Sammy on the other hand would rather be out in it, not just watching it through the study window. I do love the way the weather forecasters predict the percentage of chance that it might rain. Or snow. Or be sunny. Like they can really predict? No. But we tend to believe more and more, that’s why there’s a weather channel, which I find to be the most amazing channel on cable.

Okay, enough rambling now. I’ll leave you with a quote from George Carlin: Weather forecast for tonight:  dark

happy birthday…

So. Bayley. Thirty years. Wowzer! Hard to believe it’s been that long.

Here you are at your college graduation. That was one big milestone. Congrats on that, baby daughter. And on the success you’ve had along the way, including  your marriage last year. You’ve done well. You’ve stuck to it. You’ve pushed when you should. You’ve pulled when that was the only way. And, by golly, you’ve made it to what I always think of as THE PERFECT AGE, Thirty. You’re still young, energetic and full of hope and yet, you have the confidence of some experience and the understanding that life is a journey, never a destination. So. Kudos!

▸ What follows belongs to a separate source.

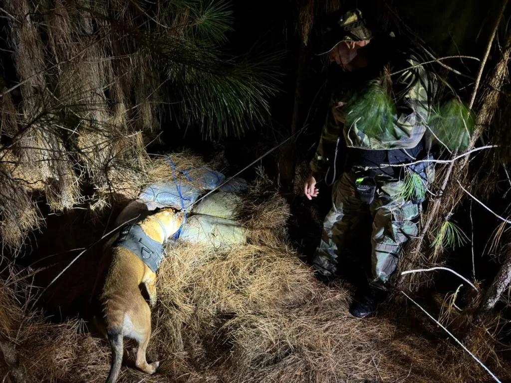 Durante el patrullaje en un área de pinales cercana a la ribera, el animal marcó un punto cubierto con hojas secas. Al revisar el lugar, los efectivos encontraron 13 bultos que contenían 52 envoltorios con sustancia prensada, con un peso superior a los 128 kilogramos y un valor que supera los 457 millones de pesos.

You look older than twelve now, but not by much. You’re little [remember when you made five feet?], have a winning smile and a willing attitude and, truth be told, good things do come in small packages. So I wish you a very happy birthday and this Irish blessing.

May you live as long as you want,  And never want as long as you live.

a new way to read….

…is comics. If you’re thinking the paper booklets you read in the 50’s or 60’s. Then no. Those were comics that you could read and you got all the visual clues and the hero did save the day.  But if you’re thinking a real story, not matter how fanciful, with pictures and words, what we now term ‘graphic novels’ then you need a new way to read.

I’ve got a couple from First Second Books. Some are easier and faster to read than others. Like Robot Dreams by Sara Varon. Mainly because it is a story in pictures. What you might be tempted to call a picture book. But beware! It’s not, well, the traditional picture book. It’s a story, with a high concept and a lot of twists and turns. But try reading Orcs Forged For War  Well, I’ve got to tell you, this takes a bit more work. First off, in this concept, the Orcs are the good guys. Secondly, there’s as much story in the words as there is in the pictures. And together they are fabulous. I may now have to read Stan Nicholls’s book on the Orc Universe. Because he takes the What If? question and makes it a whole different place.

I’m getting used to this new way to read. It’s not just reading now, it’s exploring a different way to tell story. Ya gotta love it!